WHAT YOU NEED TO DO: With pictures left out, retype exactly the lines from the one containing "圖7 2011-2016年全國水上運輸船舶擁有量" through the final line of the entries.

RECORDS FOR THE EXERCISE:
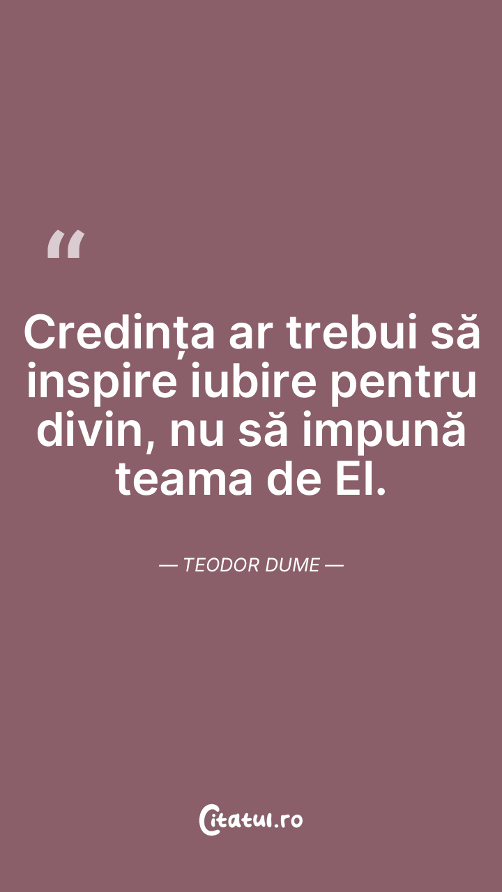 Credința ar trebui să inspire iubire pentru divin, nu să impună teama de El. Teodor Dume
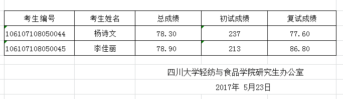 现将轻纺与食品学院2017年博士研究生招生入学成绩进行公示。如有问题或意见,自公示之日起十个工作日内,实名制反映至轻纺与食品学院纪委办公室。邮箱[email protected],联系电话85461730。此名单不包括非公开招考考生。
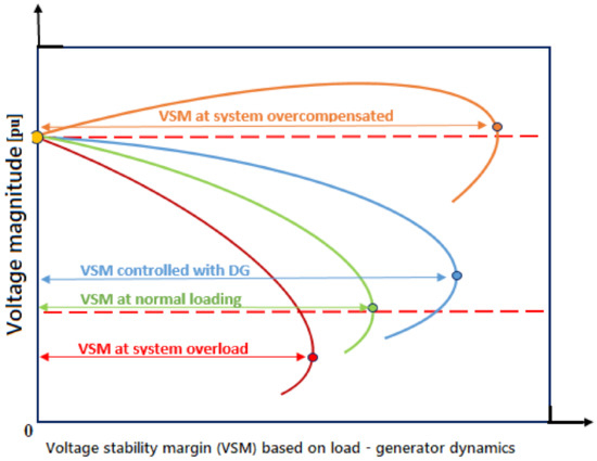 One crucial feature of power system security vis-a-vis voltage stability analysis is the assessment of line voltage stability condition as related to the critical loading limit (stability margin) of the branches. This critical security criterion is defined as the ability to maintain a stable voltage profile under all credible contingencies, i.e., no fault, faulty, fault-cleared, as well as normal load and overload conditions. This is often analyzed as a function of the maximum load increase that the system can withstand without violating its stability expectations. This loading margin can be graphically portrayed by the relationship between the real and reactive loading as shown in the Figure 3. The voltage stability margin can also be a crucial parameter for determining the limit of extra generation that the power system has the capacity to take, especially with the variable renewable DGs, as illustrated in the Figure 4. At a point, though the VSM is enhanced, the system can become overcompensated and this also threatens the power system stability condition.
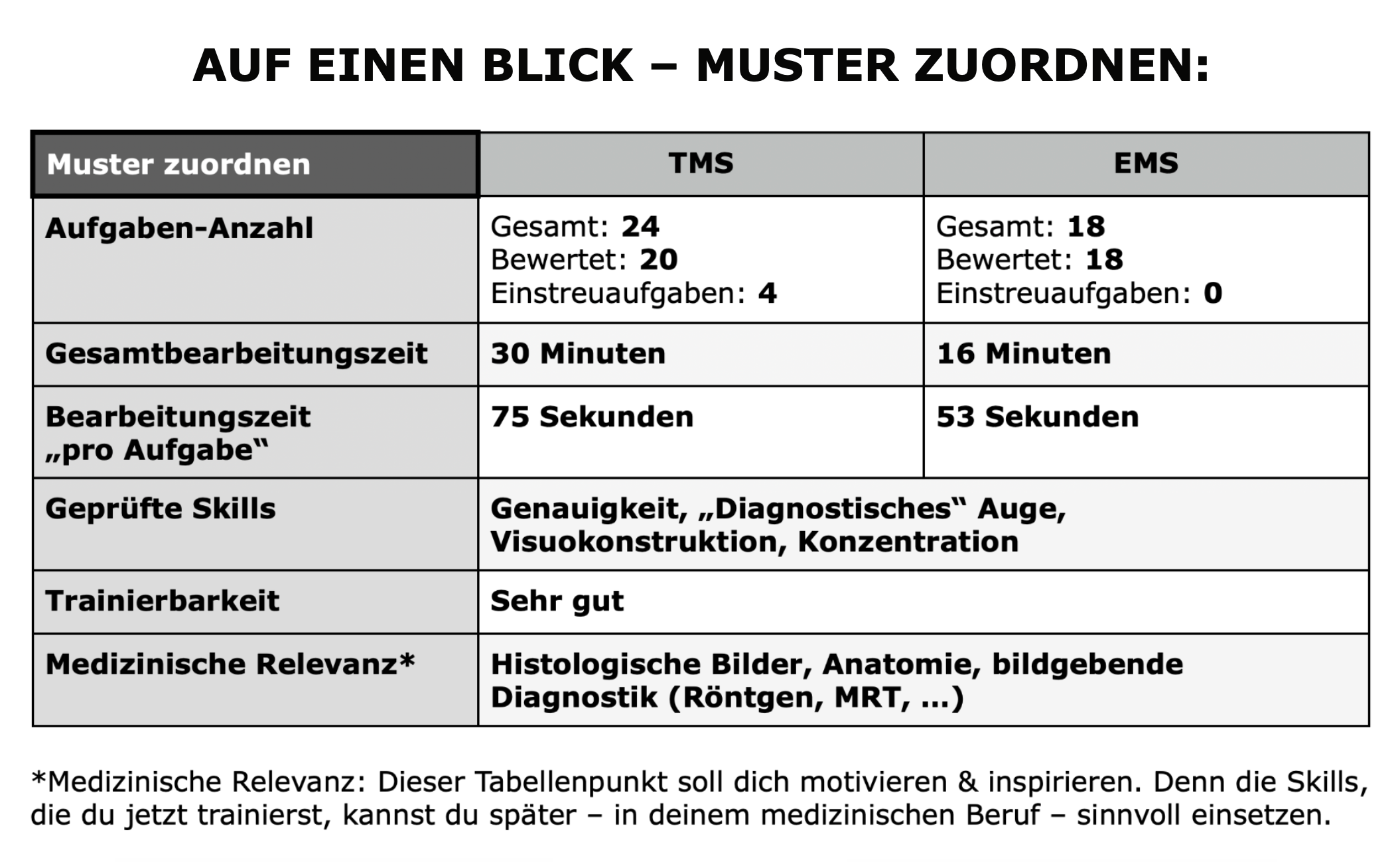 Nein. Jeder Mensch hat individuelle Stärken und Schwächen und es ist wichtig, die für dich am besten geeignete Technik zu finden, um im TMS erfolgreich zu sein. Der Kreuzblick kann für manche hilfreich sein, ist aber keine Voraussetzung – auch mit anderen Strategien wie strukturierter Blickführung oder Ausschlussverfahren kannst du sehr gute Ergebnisse erzielen. Wenn du den Kreuzblick allerdings erlernen möchtest, dann klicke hier, um dir unsere kostenlose Kreuzblick-Datei zu sichern!
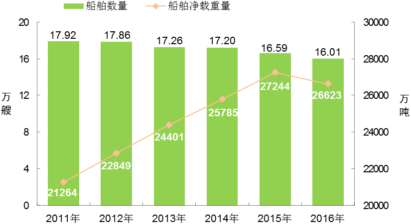 圖7 2011-2016年全國水上運輸船舶擁有量
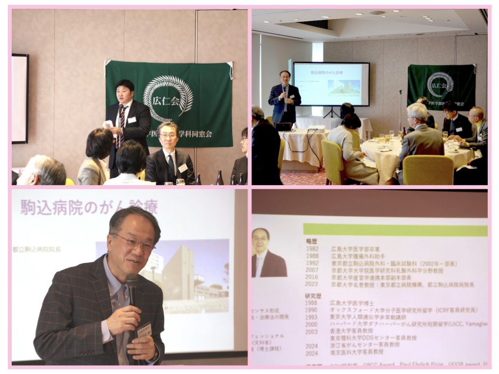 司会は幹事の一人であるH12 三嶋 弘一先生 (関東中央病院眼科部長)が行い、まず関東甲信越支部会長のS60清水 渉先生(日本医科大学循環器内科 教授)より開会のご挨拶を頂いたあと、S54 松本 万夫先生(東松山医師会病院 病院長)に乾杯のご発声で会が始まりました。しばし歓談の後、今回は都立駒込病院の院長に就任されましたS57 戸井雅和先生より「駒込病院のがん診療展望」の演題にてご講演いただきました。いずれの病院も赤字で苦しむ中、外科では最新のダビンチを複数台設置し、また、今回の演題の主たる腫瘍においては、国内随一の患者数を誇る駒込病院にて、固形癌や血液腫瘍の最先端の医療を積極的に取入れながら、病院経営を含め病院改革を行っていることのご講演となりました。またご自身の専門である乳腺外科における医学の進歩もご解説頂き、参加者一同、真剣に聞き入っていました。

ANSWER FOR THE TASK:
 圖7 2011-2016年全國水上運輸船舶擁有量
 司会は幹事の一人であるH12 三嶋 弘一先生 (関東中央病院眼科部長)が行い、まず関東甲信越支部会長のS60清水 渉先生(日本医科大学循環器内科 教授)より開会のご挨拶を頂いたあと、S54 松本 万夫先生(東松山医師会病院 病院長)に乾杯のご発声で会が始まりました。しばし歓談の後、今回は都立駒込病院の院長に就任されましたS57 戸井雅和先生より「駒込病院のがん診療展望」の演題にてご講演いただきました。いずれの病院も赤字で苦しむ中、外科では最新のダビンチを複数台設置し、また、今回の演題の主たる腫瘍においては、国内随一の患者数を誇る駒込病院にて、固形癌や血液腫瘍の最先端の医療を積極的に取入れながら、病院経営を含め病院改革を行っていることのご講演となりました。またご自身の専門である乳腺外科における医学の進歩もご解説頂き、参加者一同、真剣に聞き入っていました。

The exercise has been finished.